Remediation costs can be quantified while the damage of a potential exploit cannot be assumed in advance. In pure economic logic, this creates an equation with a numeric value on one side and a big question mark on the other. The price of remediation offsets the blank variable symbolizing the price of an attack, making the cost of remediation feel greater than it is.
When you take into account the price of halting operation to remediate or update a version, the development hours and the manpower that it requires, when you attempt to quantify the price of rollbacks and downtime, the sheer magnitude of remediation comes into focus.
Upgrading software can also lead to a new set of bugs which then increase the workload in attending to them. And while it is common to equate newer with better, oftentimes newer means having to get familiar with new features and interfaces. These alone generate a sense of panic about remediation that drowns out the potential threat associated with not fixing a known vulnerability.
And beyond the hurdles that come with remediation, developers will have additional reasons to favor old vulnerable versions over new patched ones. “Developers will have a number of reasons for downloading older versions of Apache Struts” says Mark Cox of the Apache Software Foundation.

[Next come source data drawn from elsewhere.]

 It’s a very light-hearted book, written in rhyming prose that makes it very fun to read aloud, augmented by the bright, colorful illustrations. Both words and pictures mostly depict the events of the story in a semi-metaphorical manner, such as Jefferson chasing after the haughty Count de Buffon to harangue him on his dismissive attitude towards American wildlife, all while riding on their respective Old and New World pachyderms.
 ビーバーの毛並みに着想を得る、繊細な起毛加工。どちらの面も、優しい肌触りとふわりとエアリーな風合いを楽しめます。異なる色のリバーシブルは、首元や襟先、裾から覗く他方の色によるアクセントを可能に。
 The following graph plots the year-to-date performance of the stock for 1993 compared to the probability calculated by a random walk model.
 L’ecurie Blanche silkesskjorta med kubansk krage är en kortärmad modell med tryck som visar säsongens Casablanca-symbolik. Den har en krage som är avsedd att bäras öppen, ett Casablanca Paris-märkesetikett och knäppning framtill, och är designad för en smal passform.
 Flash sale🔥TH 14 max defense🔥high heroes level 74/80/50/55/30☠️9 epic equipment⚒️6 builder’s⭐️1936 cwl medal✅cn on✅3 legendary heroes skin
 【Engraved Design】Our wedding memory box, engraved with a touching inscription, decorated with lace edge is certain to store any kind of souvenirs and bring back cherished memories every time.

These reasons include the need to reproduce running environments, treat older versions and diagnose regressions.
According to a Mend study, the more experienced a developer is the more likely he is to remediate a vulnerability immediately and the more likely he is to research for possible fixes on his own. These findings lead to the conclusion that experience builds confidence to play around with the system, ‘touch’ the code as it were, and run the risk of offsetting other issues in the process. It also teaches that experience breeds the sense of urgency needed to attend to a vulnerability in a timely manner, and an understanding that once a vulnerability is made public its potential for destruction skyrockets.
Since experience is accumulated over time and with it the confidence to remediate, the only other way to ensure that all developers in an organization, from junior to senior, become minded towards fixing vulnerabilities and forego their fear of remediating, is for organizations to instill a culture of vulnerability management. To compliment this culture, companies will introduce automated SCA tools (software composition analysis) as a means to alleviate the pitfalls of bug fixing, thereby setting new developers as well as seasoned ones down the right path.

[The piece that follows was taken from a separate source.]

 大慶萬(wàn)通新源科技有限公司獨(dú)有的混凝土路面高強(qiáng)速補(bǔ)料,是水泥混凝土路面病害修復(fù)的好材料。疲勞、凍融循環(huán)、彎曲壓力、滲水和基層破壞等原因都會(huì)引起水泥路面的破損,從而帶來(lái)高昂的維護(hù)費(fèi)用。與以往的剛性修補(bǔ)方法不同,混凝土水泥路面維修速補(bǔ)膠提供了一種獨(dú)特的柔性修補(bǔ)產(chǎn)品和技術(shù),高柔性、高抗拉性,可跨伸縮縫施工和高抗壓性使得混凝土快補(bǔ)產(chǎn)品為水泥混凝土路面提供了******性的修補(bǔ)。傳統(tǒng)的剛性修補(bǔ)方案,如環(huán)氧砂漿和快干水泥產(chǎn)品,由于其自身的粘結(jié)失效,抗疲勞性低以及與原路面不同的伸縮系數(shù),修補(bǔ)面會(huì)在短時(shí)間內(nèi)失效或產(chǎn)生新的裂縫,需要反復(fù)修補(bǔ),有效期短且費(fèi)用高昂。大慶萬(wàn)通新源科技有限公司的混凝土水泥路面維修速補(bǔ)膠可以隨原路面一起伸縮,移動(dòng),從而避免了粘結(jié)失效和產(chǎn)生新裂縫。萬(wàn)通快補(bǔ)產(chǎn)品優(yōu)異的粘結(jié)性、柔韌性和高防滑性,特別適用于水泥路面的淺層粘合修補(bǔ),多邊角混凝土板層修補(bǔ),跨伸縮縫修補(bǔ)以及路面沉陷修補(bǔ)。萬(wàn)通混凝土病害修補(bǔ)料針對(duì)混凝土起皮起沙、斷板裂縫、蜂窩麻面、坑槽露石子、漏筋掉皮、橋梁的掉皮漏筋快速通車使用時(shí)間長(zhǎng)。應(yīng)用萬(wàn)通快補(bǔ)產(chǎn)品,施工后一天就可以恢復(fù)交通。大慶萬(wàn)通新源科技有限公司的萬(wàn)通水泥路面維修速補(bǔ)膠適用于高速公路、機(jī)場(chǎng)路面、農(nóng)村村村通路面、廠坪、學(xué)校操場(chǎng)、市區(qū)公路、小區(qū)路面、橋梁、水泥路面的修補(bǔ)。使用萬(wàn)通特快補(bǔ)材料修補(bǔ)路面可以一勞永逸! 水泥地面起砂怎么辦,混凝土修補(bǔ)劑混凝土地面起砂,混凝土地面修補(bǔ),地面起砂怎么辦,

If the latest Apache Struts vulnerability discovered August 22 is any indication of things to come, it is clear that remote access vulnerabilities of the kind that caused the Equifax breach remain an ongoing threat and companies cannot afford to maintain current levels of complacency and inaction.

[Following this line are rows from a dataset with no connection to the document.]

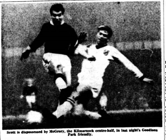 For their friendly game with Scottish League club Kilmarnock at Goodison Park this evening (kick-off 7.30 p.m) Everton introduce £40,000 signing from Glasgow Rangers, Alex Scott at outside right in place of Derek Temple. Although Scott has yet to make his home League debut, it will be his second appearance at Goodison for in 1958 he played with the Scottish Under-23 team alongside Parker and Young against England Under-23 side. He also appeared in the Everton side at Leicester on February 12. Everton; West; Parker, Meagan; Gabriel, Labone, Kay; Scott, Stevens, Young, Vernon, Morrissey.
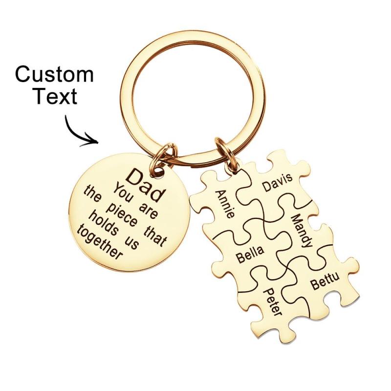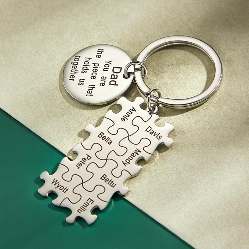 Engraved Puzzle Circle Keychain Personalized Key Ring Father's Day Gift
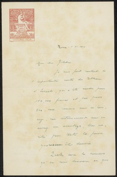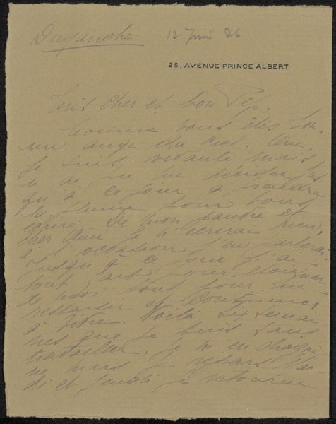 Curator: Here we have a prentbriefkaart, that's postcard in Dutch, addressed to Anne Marie Louise van der Linden, penned by Emile Bernard, sometime before 1908. It's ink on paper, a small and rather unassuming Post-Impressionist artifact. Editor: It's funny, isn't it? How something so seemingly mundane—an old postcard—can feel like holding a little piece of someone else's world in your hands. It feels strangely intimate. Curator: Precisely! Bernard, although somewhat overshadowed by his contemporaries like Gauguin and van Gogh, played a key role in the Post-Impressionist movement. This postcard provides us with insight into the artist's communication during that period, revealing the personal networks that sustained the artistic milieu. Editor: I am drawn to its raw, almost vulnerable, nature. Look at the handwriting itself—it gives a kind of texture that smooth font wouldn't. He mentions monasteries and valleys and asking if they are inspiring other artists. Curator: Bernard's correspondence reveals his creative thoughts and personal connections. His network provided emotional and practical support, which underpinned the advancement of modern art. He used it as a means of expression, blending art and life. The postcard functioned both as a personal note and an artifact imbued with artistic significance. Editor: You’re right. And there's the context of postcards themselves. In that era, it was such a novel, affordable way to connect. These miniature artworks traversing countries, bearing witness to everyday life, personal thoughts—it humanizes history so much more. Curator: Absolutely, and we are able to glimpse into it now. It reminds me of the importance of correspondence as an art form. They aren't always about monumental paintings but smaller acts that fostered artistic dialogues and collaborations, right? Editor: I think I get a different perspective on Bernard’s other works seeing his voice like this. Less about form, more about…yearning. A little melancholic but also curious. It helps peel back the layers to understanding him better. Curator: This small rectangle, almost lost in time, speaks volumes about artistic sociability. We realize how that world was created thanks to the daily life materials. A brief postcard.
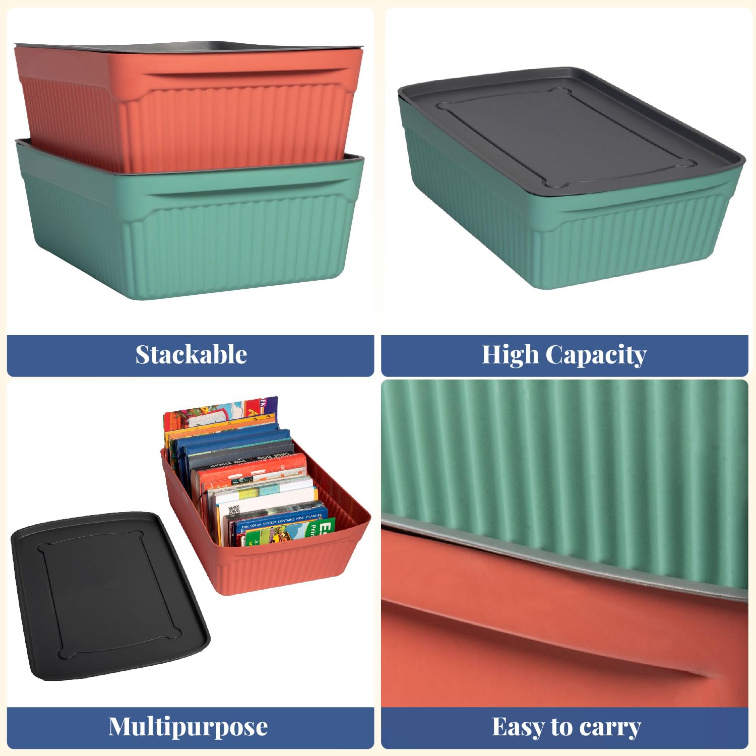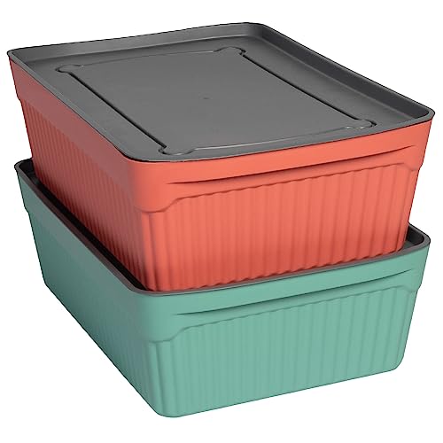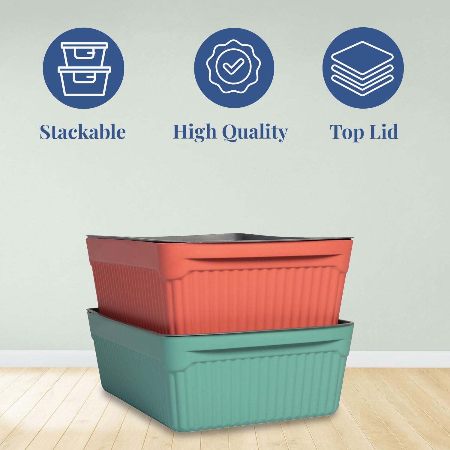 HomeStrap Set of 2 | Small Multipurpose Plastic Storage Baskets With Lid
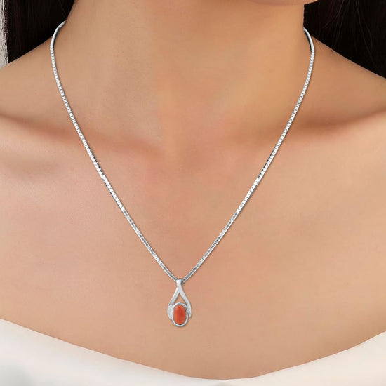Crafted with exceptional purity, our Italian red coral pendant is set in 925 sterling silver. Known as Moonga or Munga in Hindi, this organic gemstone is formed in the depths of the sea, showcasing warm reddish pink to deep red hues. Sourced from the renowned reefs of Italy, this coral pendant is designed to touch your skin, enhancing its astrological and energetic effects. Experience 100% genuine coral in timeless craftsmanship.
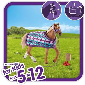 Explore o mundo animado de Lakeside com o Puro-Sangue Inglês com cobertor, um divertido e educativo brinquedo de Schleich! Este conjunto de 2.047" x 7.362" x 6.496" é autenticamente detalhado, e é ideal para horas de jogo imaginativo. Cobertor e cabresto removíveis! 4 peças.
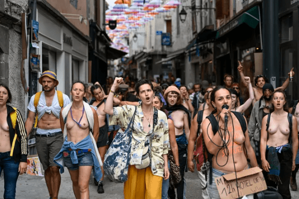 Jeudi, en plein épisode caniculaire Marina, festivalière à Aurillac, ôte son tee-shirt, imitant les hommes torses nus autour d’elle. Alors qu’elle se promène seins nus, la police la contrôle. Elle est interpellée pour "exhibition sexuelle". Une vague d’indignation s’ensuit. Samedi, plus d’un millier de femmes et d’hommes défilaient, majoritairement torses nus, en soutien à Marina. Les slogans « Libérons nos tétons de vos regards cochons » ou encore « Aurillac topless, la police en PLS ».
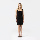 Vestido tejido elaborado en una silueta basica con una base textil acanalada la cual permite que se te ajuste al cuerpo brindando conffort, elegancia y versatilidad a la prenda. Carla esta acompañada de una fina placa metalica contramarcada con el icono logo insignia en frente y un bordado clasico en espalda ideal para un look casual o distintas ocasiones de uso.

If anything, vulnerabilities are getting more aggressive and the extent of the havoc they can wreak seems to grow with every new critical bug that gets disclosed. The latest Struts vulnerability under the identification CVE-2018-11776, for instance, can be triggered just by visiting a specific URL on the affected web server, allowing attackers to execute malicious code and eventually take complete control of the targeted server running the vulnerable application.
It comes down to organizations adopting continuous open source management in a way that effectively detects, tracks and remediates vulnerabilities. The fear of things going wrong as a result of the remediation process is not a good enough reason to turn a blind eye and a deaf ear to known vulnerabilities which hackers are on the lookout for and will exploit at great costs to their victims.